Plaster patiné, Musée de la Révolution française de Vizille.





The death of Danton's first wife Gabrielle Charpentier and his extravagant reaction to it, is part of the myth of his emotion larger-than-life character.   But what exactly happened?

This is the story as told by one of Danton's latest biographies in English, David Lawley's Danton: the gentle giant of Terror (2009), p178-9:

Danton is far away, with the army in Belgium in the fortresse de Condé, when news arrives from his brother-in-law François Victor Charpentier that Gabrielle, long-neglected by her husband,  has given birth to a premature and stillborn baby boy and died shortly afterwards.  She died on the night of 10th February 1793 and it is already the 15th....


 On reading the message, Danton let out a howl of pain that terrified those around him... He ordered his carriage at once and flew back to Paris over the rutted roads of Flanders and Picardy, his coachmen driven on by deep sobs coming from the shuttered cabin behind.

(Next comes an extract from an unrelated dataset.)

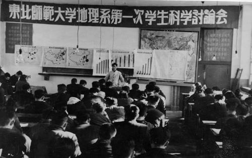 3月26日,我校3月5日开幕的第一届学生科学讨论会于今天结束。成仿吾校长到会讲话说:“高等学校一个任务是发展学生的独立工作的熟练技巧,以及实践中应用所学知识的技能。这一任务由多方面工作来实现。一种重要办法就是学生的科研活动,这是培养德才兼备的人民教师所不可缺少的。”“我们在学习期间如果不通过开展科研来培养自己独立工作能力,将来就不能独立解决工作中所遇到的问题。”他号召同学们:“敢于向陈旧的科学进行斗争,并为新的科学开辟道路。”

It was not in Danton's nature to take his wife's death quietly.  He had loved Gabrielle as a wife and mother, adored her; the idea that she could be lost to him, lost to his arms, was unbearable.  The knowledge that he had abandoned her when she was weak and so close to giving birth increased his pain.  And what for? For the Revolution, yes! But only to put out its distant fires.  Not for what mattered most to him.

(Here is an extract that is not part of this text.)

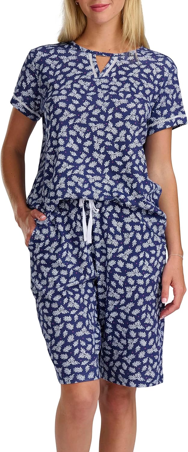 Karen Neuburger womens Keyhole Short Sleeve Top and Bermuda Short Pajama Set

The dash from Liege got him back to Paris on the evening of 16 February.  He found his Cour du Commerce home under seals, a Cordelier magistrate's precaution against violation of the premises in the absence of both master and mistress.  He had to wrestle with the door to enter.  Gabrielle's body was not there.  He learned from Camille, Lucile and Louise, who came down to be with him when they heard the noise, that she had been interred two days ago.  Her father, old Charpentier, wished it so.  A pair of Cordelier parish priests, now betrothed to the republic, had directed the coffin to their corner church for a blessing, and the Charpentier family, the Desmoulins, the Gélys and Gabrielle's two kitchen maids followed down the tight alley, past printers, bookbinders and Procope cooks fallen to their knees lamenting,"Oh Madame! Poor Madame!"  Monsieur Charpentier had wanted her buried in the church, but there was no Danton family tomb at the Cordelier chapel and since random church burials had been forbidden for some years now, for the sake of public hygiene, Gabrielle was interred in the nearest public cemetery, situated in the Saint-Marcel district, the populous working-class ward neighbouring Danton's Théâtre-Français section.

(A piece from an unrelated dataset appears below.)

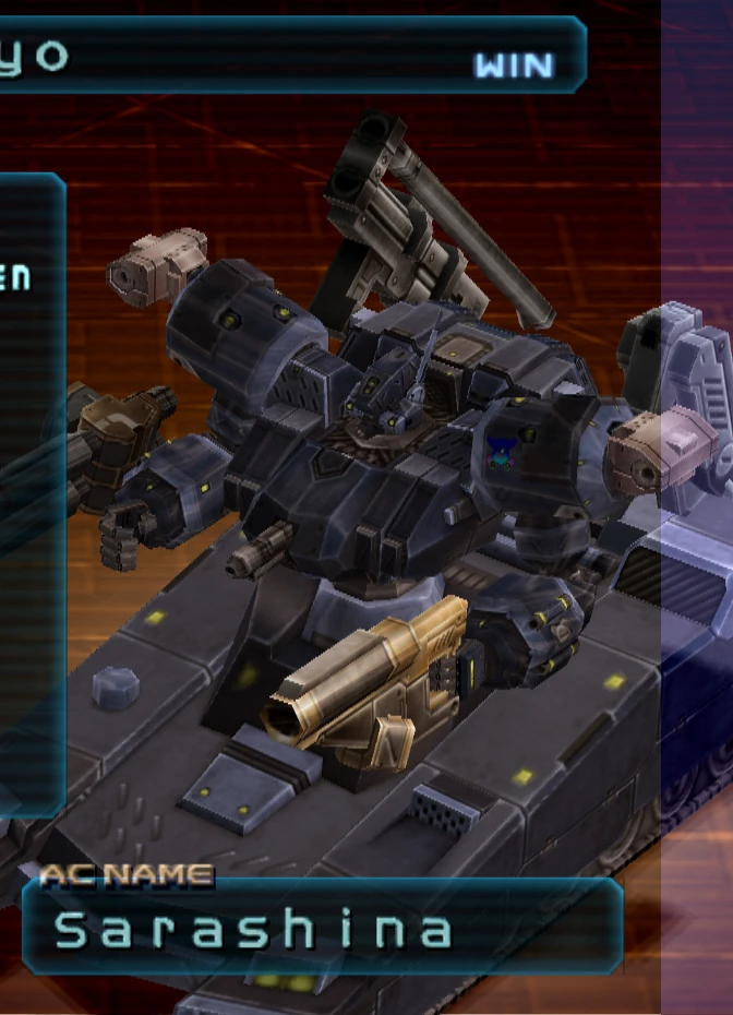 Facing Tsukuyo in a heavy tank or heavy bipedal AC is pretty much suicide, as his weapons can easily hit slower moving targets, so using an AC with high mobility is advised. His weapons, although hard hitting, aren't exactly fast-firing, so high mobility can definitely help in avoiding his attacks and also being able to outmaneuver him. Tsukuyo's arm weapons are less dangerous (especially since neither of them can lock-on) compared to his back loadout, so staying near him constantly on the move is favourable. Since Sarashina has limited mobility, rapid-fire weapons like machine guns or even the KARASAWA work great against him. Missiles are also a viable way of defeating him, but do note that Sarashina has high endurance, so you will likely require another weapon to back them up.

All this Danton listened to while blundering around his home, throwing himself from sofa to bedstead, his great chest jerking, hideous face contorted, as if still hoping to find his wife.  He had to see her again.

Portrait of Gabrielle by Jacques-Louis David
Church of St. Madeleine Troyes
.
His reactions were never less than outsize.  His body, his face, his energy, his voice, his oratory, his temper, his heart, everything about him was outsized.  His impulses overwhelmed him.  Yes, he had to see Gabrielle once more.  He had to keep her close.  Through his tears, a solution formed: he would make a likeness of her, a bust he could for ever embrace and ask for forgiveness.  The next evening he hurried to see a sculptor he knew, an artist with a workshop in the Saint-Marcel section.  The sculptor shook his head. Madame Danton had been dead for a week, he reminded his frantic visitor, in her grave for three days past.  A sculptor needed a mould to make a bust and how could he take the mould after she was buried?  Danton implored him, thrusting a sheaf of assignats, the new paper money into his hand.  The sculptor may not have been impressed by the paper money, which few Parisians believed in, but the bottomless depths of anguish on his visitor's ghastly face made him give way.
Together - Danton in a dark cloak, the sculptor with his tools - the pair of them hurried that same evening to the public cemetery, banging on the gate for the keeper.  A cold February rain greased the dark granite paths between the tombstones.  The keeper came to the gate, waving them off, but yielded when he recognised the huge distressed face of the people's champion, the man the papers said was running the Revolution.  The three of them were alone in the dark.  By torchlight. they found Gabrielle's grave; only a foot of loose earth covered the coffin, for stonemasons had yet to get to work there.
"A spade!" Danton demanded.
The warden held back.  He had admitted the giant statesman simply to take a look at the grave.
"A spade!" Danton roared.  Within minutes they were at work, digging down to the coffin.  Between the three of them they carried the muddied casket into the dry of a cemetery tool shed.  At Danton's urging, the keeper searched for chisels to open the lid, a task that took half an hour of careful prising.  As the lid came off and Gabrielle's waxen head showed in the flickering torchlight, Danton let out another terrible cry.  With his huge fists he fumbled below the corpse and pulled his wife out, imploring her to forgive him, hugging her to him, squeezing her and kissing the stiff grey bloodless lips.  With a groan he placed her tenderly on the displaced lid and motioned to the sculptor to do his work.
Did he sense the macabre horror of it?  The ghoulishness?  With Danton it was no long stretch from outsize to grotesque. ...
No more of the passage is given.